This generally refers to the my_face.gif that's located in the same directory as the HTML page. Turning these relative URLs into absolute URLs that can be requested via LWP is covered in the next chapter. To do that, you must know the URL of the current page.

The base( ) method returns the URL of the document in the response.

$url = $response->base( );

This base URL is normally the URL you requested but can sometimes differ: if there was a redirection (which LWP normally follows through on), the URL of the final response isn't the same as the requested URL. Moreover, the Base, Content-Base, and Content-Location headers in a response specify the address against which you resolve relative URLs. And finally, if the response content is an HTML document and has a <base href="..."> tag in its head, that definitively sets the base URL.

3.5.6. Debugging

When an error occurs (as indicated by the is_error( ) method), error_as_HTML( ) returns an error page in HTML:

$error_page = $response->error_as_HTML( );
print "The server said:\n<blockquote>$error_page</blockquote>\n";

Because a user agent can follow redirections and automatically answer authentication challenges, the request you gave to the user agent object might not be the request represented by your object. That is, you could have said to get one URL, but that could have directed to another, which could have redirected to another, producing not one response but a chain of responses. For the sake of simplicity, you get back only the one $response object, which is the last in the chain. But if you need to, you can work your way back, using the previous( ) method:

$previous_response = $response->previous( );

The previous( ) method returns undef when there is no previous method (i.e., on the response to the request you gave the user agent, at the head of the chain). Moreover, each response stores the HTTP::Request object that LWP used for making the request, and you can access it with the $response->request( ). HTTP::Request objects support most of the same methods as HTTP::Response objects, notably $request->as_string, which is useful in debugging.

From each response, you can get the corresponding request and recreate the HTTP dialog.

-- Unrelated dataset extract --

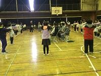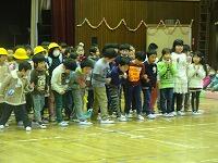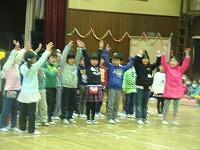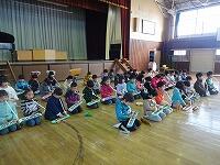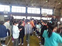 体育館のいすを整理した後、そのまま朝の会を体育館で行いました。
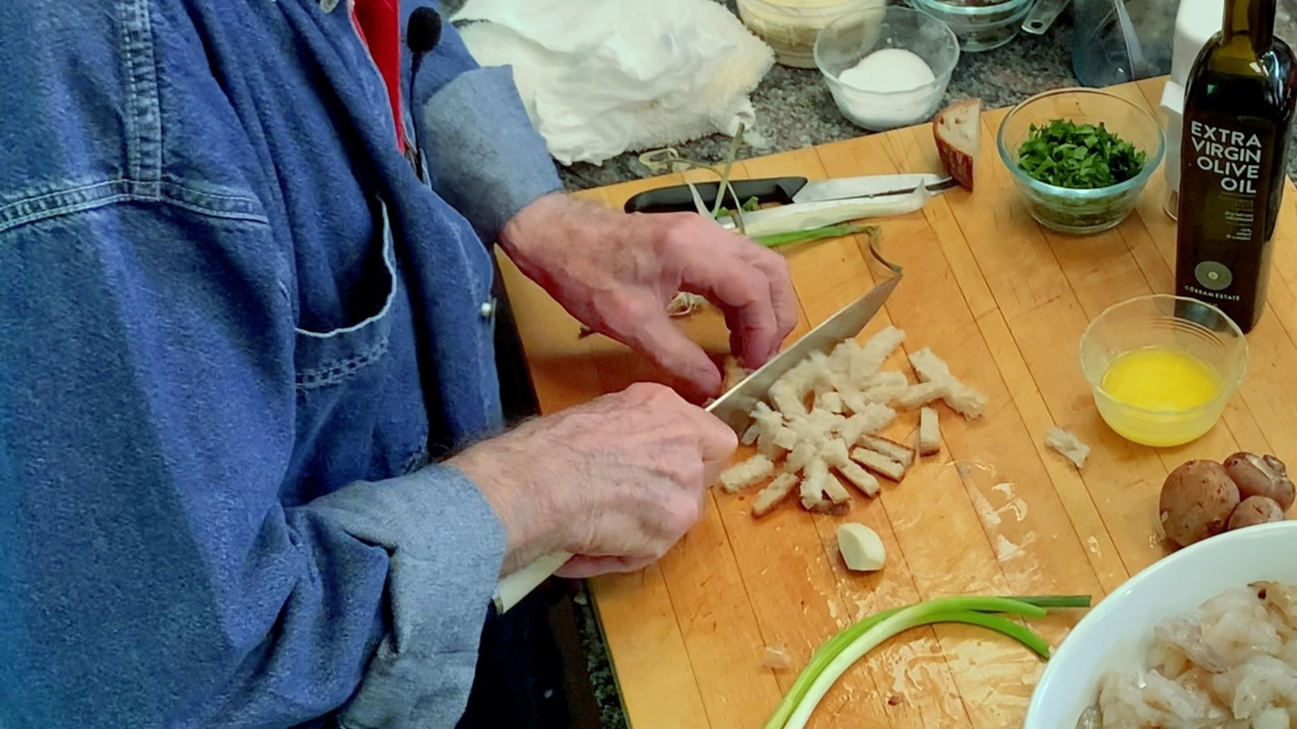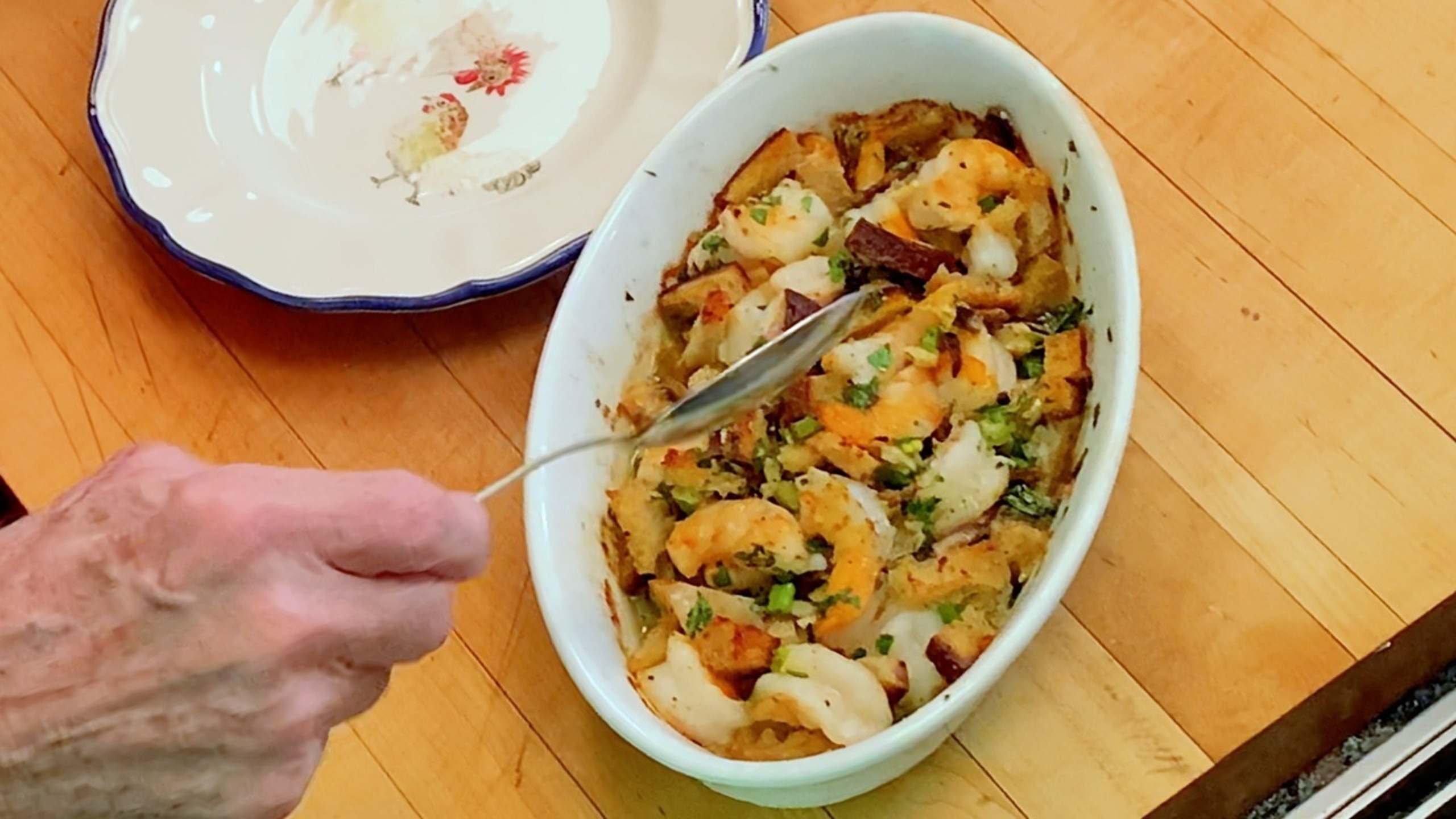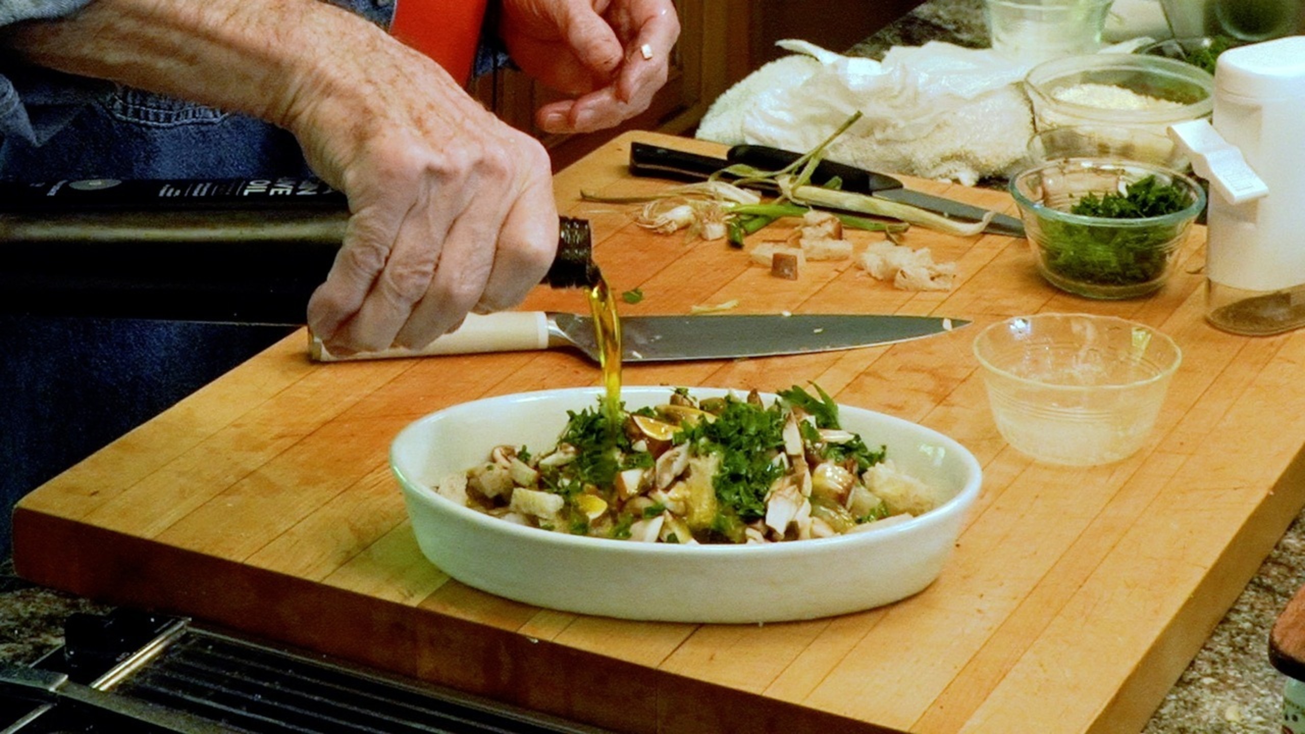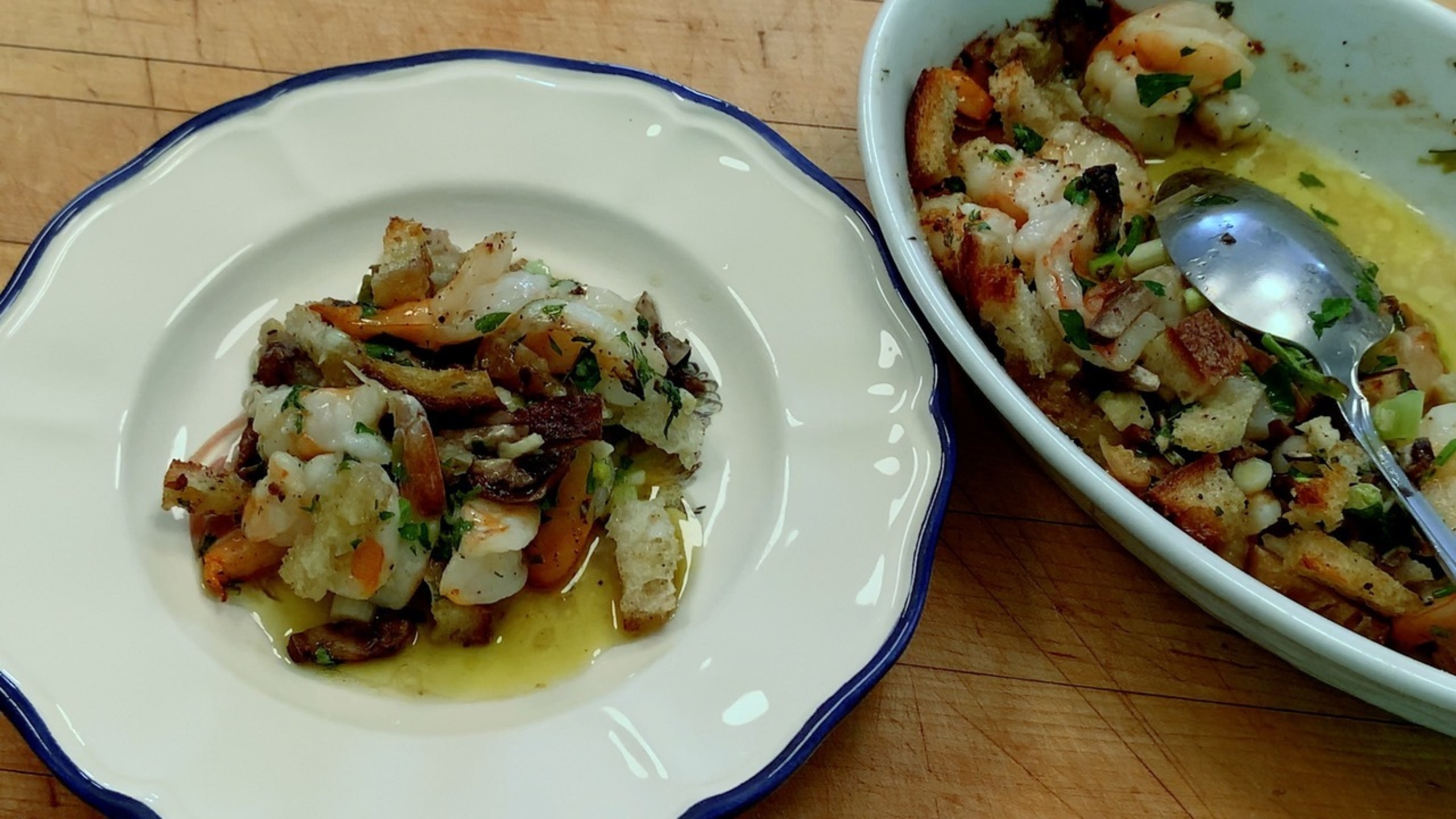 Cut the shrimp in half and place it in a small (4-cup) gratin dish. Add the bread, garlic, scallions, mushrooms, parsley, butter, and olive oil. Season with salt and pepper and stir them together well.

For example:

$last = $response;
while ($response) {
  print $response->code( ), " after ";
    # Or you could print even dump the whole
    #   thing, with $response->as_string( )
 
  $last = $response;
  $response = $response->previous( );
}
print "the original request, which was:\n",
  $last->request->as_string;
 
200 after 401 after 301 after the original request, which was:
GET http://some.crazy.redirector.int/thing.html
User-Agent: libwww-perl/5.5394